I'm extremely proud of my boy; I always have been. He was the most beautiful child and after a difficult birth, lay in my arms and clasped his hands together almost as if in prayer. These are the hands that played the piano and the guitar and never dropped a passed rugby ball. These are the hands I held when he needed me and stretched out when he wanted picking up.

These are now the hands of a skilled carpenter who can't get work where he lives so he goes wherever the work is. These are the hands that earn a living to put a roof over his girlfirend's head to support her whilst she finishes university. These are the hands that have fitted out shops, offices, built extensions, put roofs on, laid floors, built kitchens and built his granny's kitchen without payment..........so why did I cry?

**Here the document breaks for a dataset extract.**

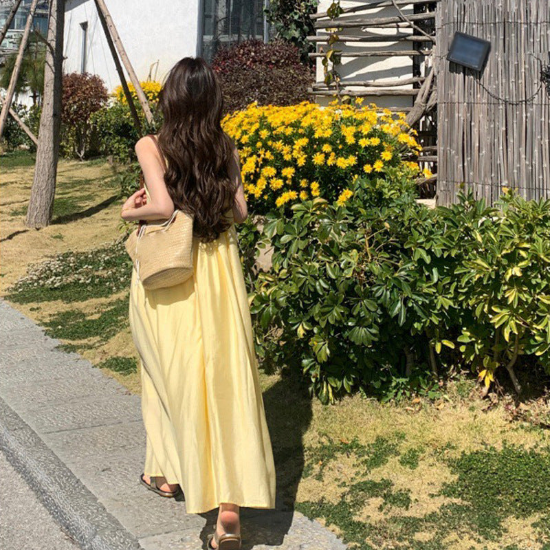 Style Yellow Sling Dress Women's Summer Seaside Wearing Skirt Loose Age Reduction A Skirt

As work is so scarce, when he has work; he works sixteen hour days and they are bruised, suffering white finger and shake when he holds cutlery. These are hands, that due to the fragility of the economy can't take a day off when they are in pain, bleeding or scarred. These are the hands of someone who doesn't complain but is grateful for every day's work he can get. These are a contractor's hands who doesn't know where the next job is or where he will lay his head next week. These are the hands on the end of the arms that held his mum tight on mother's day. These are the hands that will be working long after I've gone to bed and carry a takeaway back to a B&B to be eaten in the back of a van long after day.

We so often look at our own lives and the triviality of our own worries and have to remember that there are many hands that ache every day from the toil of just trying to keep a job. So I looked at my son's hands and no matter how proud I am of him, wept for the pain he suffers; just trying to stay in employment in hard economic times.

Love Froogs xxx

Sunday, 14 March 2010

Foraging for lunch.

A wonderful sign of imminent spring is the appearance of wild garlic. (allium ursinum) The leaves are tender and soft and can be picked without disturbing the root. So, whilst walking the pooches I picked a pocketful to make a flavouring to go with our lunch.
Give it a good wash and then dry it. Chop it finely with some salt and stir into a paste with some olive oil. Rub it all over the free range chicken (or fish?) near the end of the cooking. (excessive heat kills the flavour)
Oh, to be truly frugal, use the heat of the oven to cook the food for the rest of the week. I cooked two casseroles and two lasagnes whilst the oven was being used.
More typical behaviour of the frugal as gas is horrendously expensive!! Why waste it by only cooking one meal.